Once past the twisties I dropped down into the desert part of I-8 and just cruised through the night stopping once along the way in Gila Bend, CA. for gas just shy of the 300 mile mark on the trip meter. Riding this stretch of highway is like riding in west Texas, you don’t want to pass up a gas station if you aren’t sure you’ll make it another 60 miles.

Around 5:30 AM CDT I was finishing my ride along I-8 and merging onto I-10 at Casa Grande. Even with my failed attempt at rest before the start of the ride I was feeling fine and things were great. I rolled through Arizona and into New Mexico as the sun started to rise.

My second gas stop was a little past the 300 mile mark because the place I had planned to stop at didn’t sell gas. They sold everything else, but the gas pumps had been removed some time ago. So I stopped at exit 62 in Deming, NM at 8:55 AM CDT. While fueling the bike I grabbed a muscle milk out of my saddle bag and a cliff bar out of my top case. That’s a breakfast of champions!

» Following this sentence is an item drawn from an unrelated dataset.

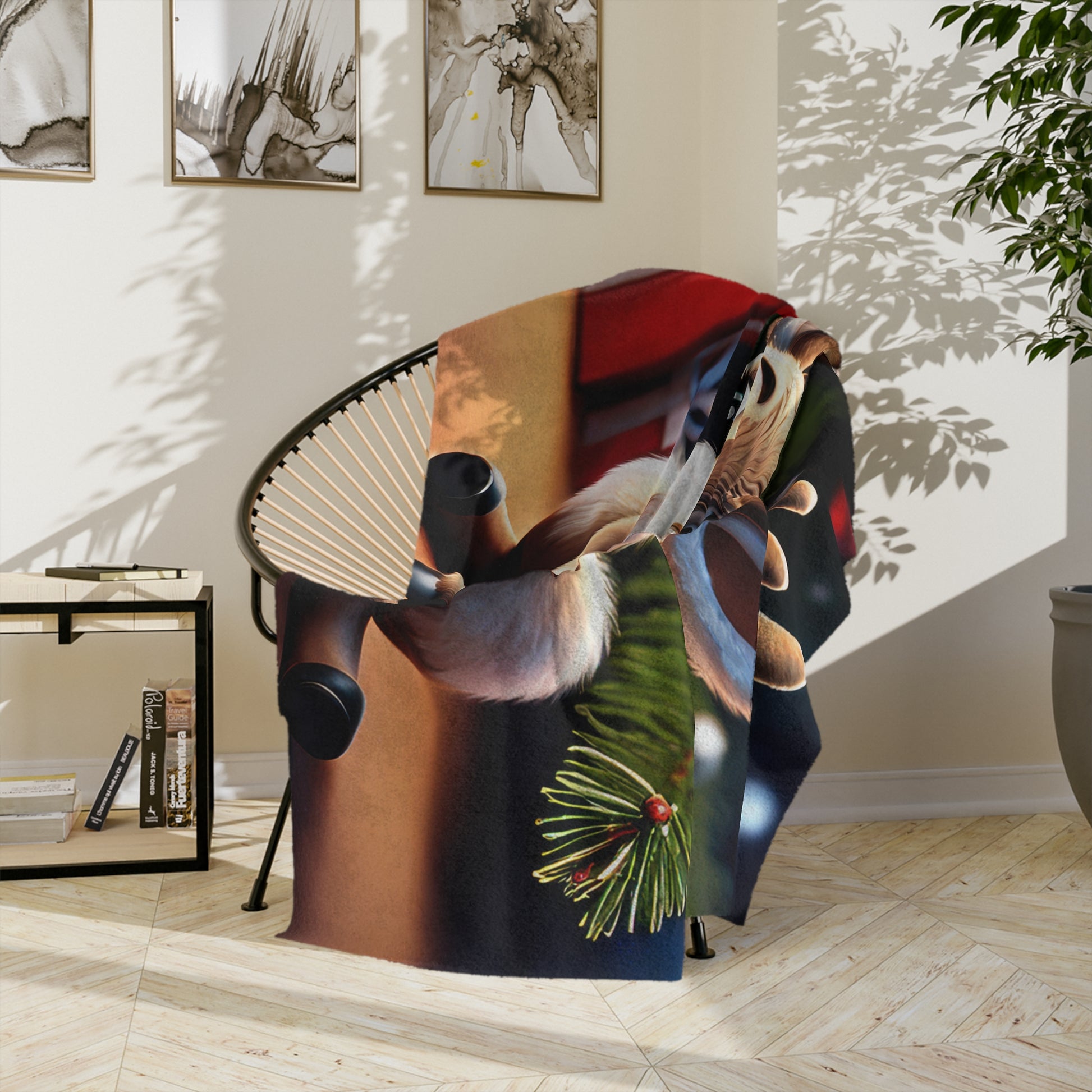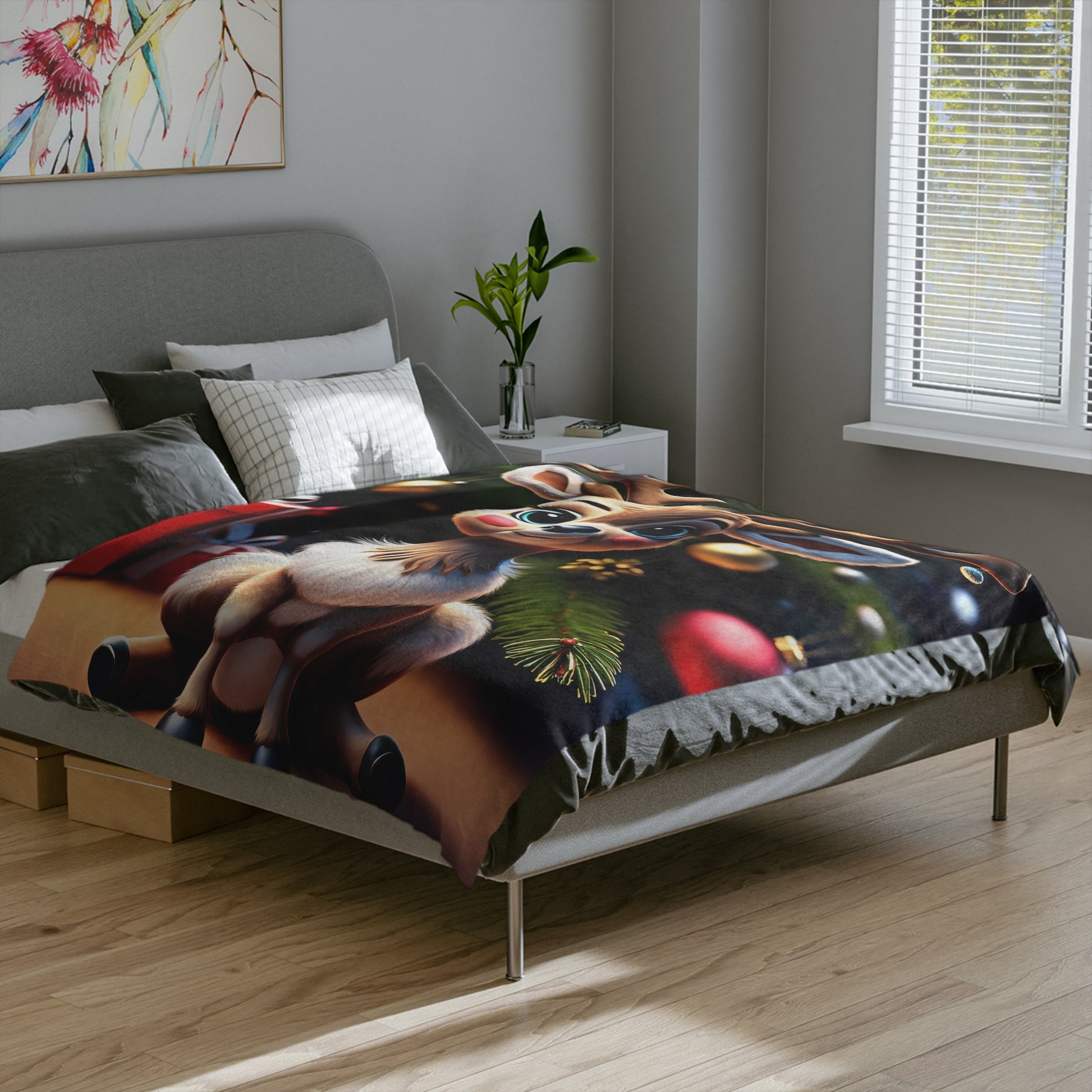 Snuggle up with the magic of Christmas and this Adorable Reindeer Plush Blanket! Featuring a wide-eyed, blushing baby reindeer sitting happily in front of a beautifully decorated Christmas tree with presents all around, this cozy velveteen throw brings warmth and joy to your holiday décor. Perfect for kids, families, or anyone who loves charming festive designs.

As I rode through New Mexico I could tell fatigue was creeping up on me. It just seemed like I’d never get out of the state and construction zones kept plaguing me. When I finally rolled into El Paso at 10:40AM CDT, I was happy to be done with the first third of the ride but my energy levels were down. I just kept moving and worked on staying alert as I interacted with the traffic.

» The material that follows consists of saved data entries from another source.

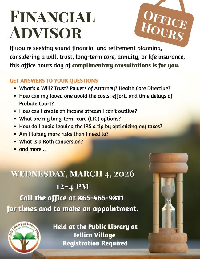 Tellico Village Public Library - Financial Advisor Office Hrs |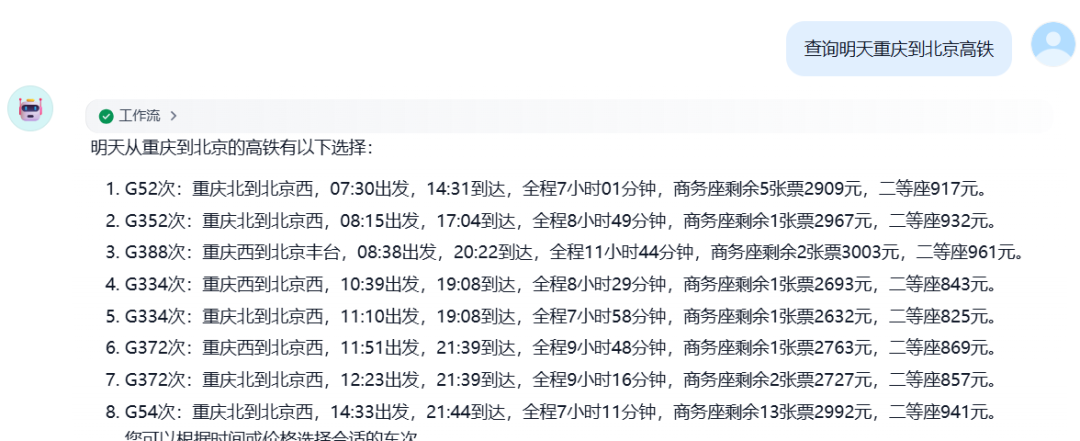 输入:查询明天重庆到北京高铁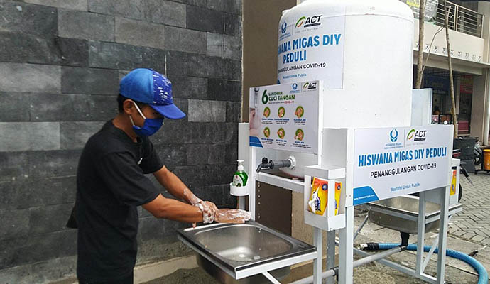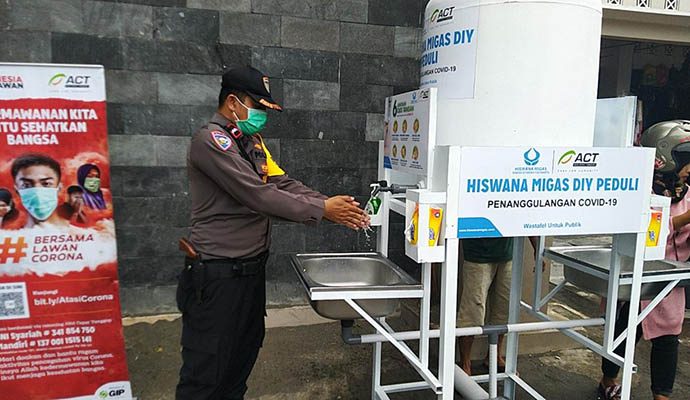 Demi memutus rantai persebaran Virus Corona, Lembaga Kemanusiaan Aksi Cepat Tanggap (ACT) DIY bersama Hiswana Migas DIY terus melakukan menyalurkan bantuan wastafel portabel di pasar-pasar tradisional Yogyakarta, Jum’at (17/4/2020).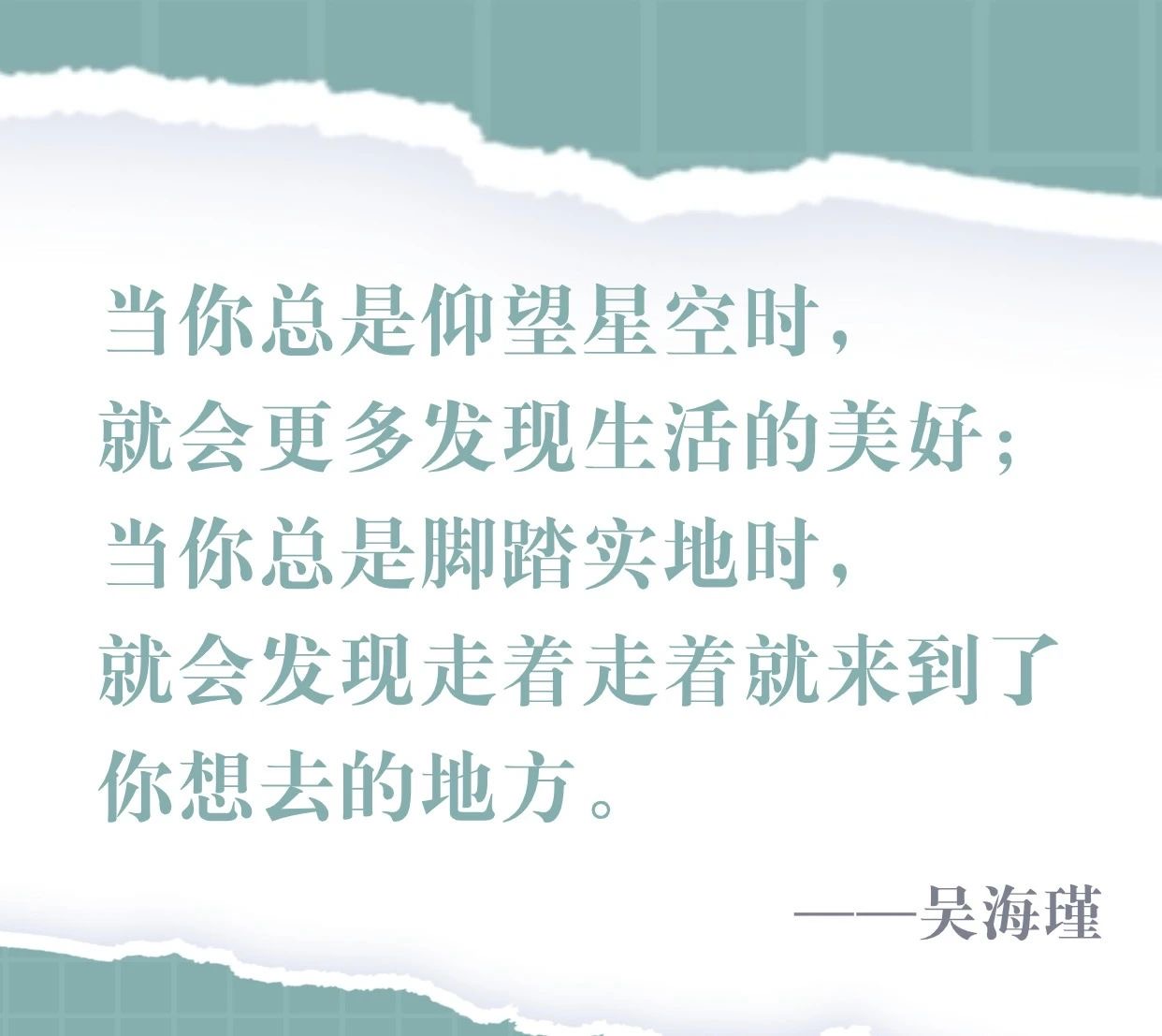 “所谓普通人的‘仰望星空’就是坚守心中的某种坚持,它并不一定是多么崇高的理想,也可能只是做好一项工作的信念。有了这份力量,尽自己所能去做好每一项工作,这就是‘脚踏实地’。” 吴海瑾说。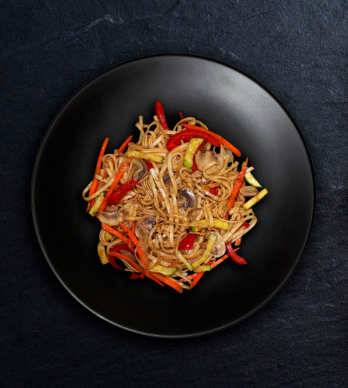Лапша удон под фирменным соусом, морковь, лук репчатый, перец болгарский, шампиньоны,цукини, посыпается зеленым луком и белым кунжутом (на фото нет)

When I got to Van Horn, where I had been less than 30 hours previously I opted not to get gas as I still had plenty in the tank and wanted to stretch it out to maximize my 300 mile range between stops. I checked my GPS and found a Chevron up ahead in Salt Flat at exit 176. It looked like it was going to be about the right distance so that’s where I planned to stop. When I got there however the place was boarded up. Now I thought my goose was cooked. I decided I’d have to press on for Pecos as that was the next fuel station my GPS showed. Now my adrenaline was pumping, what would happen if I ran out of gas?

Just 5 miles down the road I found a Chevron station at exit 181. Talk about relief! I wanted this to be a quick stop but when I got to the pump the display wasn’t working. I stuck my card in any way, waited for a beep and took out the nozzle and selected the grade. After pumping I figured I’d have to walk inside but as it turned out my receipt printed. I had only used 8.215 gallons of gas which left me with 2.785 gallons. My previous concerns about running out of gas were unfounded. But at least now I was 100% awake and alert.

I only had one issue with border patrol in Texas at a check point. I guess the agent was new but he seemed to want to interview every single vehicle extensively as they went through. I waited in line for 15 minutes there in the hot Texas sun while barely moving in line. Finally I saw another agent step out of the building and the line picked up as he waved us on through. I was happy to be moving again but thoroughly annoyed by the needless delay.

The next gas stop was in Junction, TX, exit 456 at the Exxon. It was now 4:18 PM CDT. I knew I’d be home by 8:30 since it was only a little over 4 hours from there. While at the stop I took a couple of extra minutes to investigate a wiring problem. It seemed that I had an intermittent power connection to my GPS/CB/Radar Detector set up. I didn’t have any luck getting to the suspected connector so I hopped back on the bike and hoped that it would make it to the house without completely disconnecting.

When I got to San Antonio I followed the GPS which took me onto I-35 over to I-410 and then down to I-10 again. I was pleasantly surprised with the route and feel that it did cut a few minutes off the trip compared to just riding I-10 straight through. Once clear of town I called Reagan to let her know I was past San Antonio and that I expected to be home by 8:30.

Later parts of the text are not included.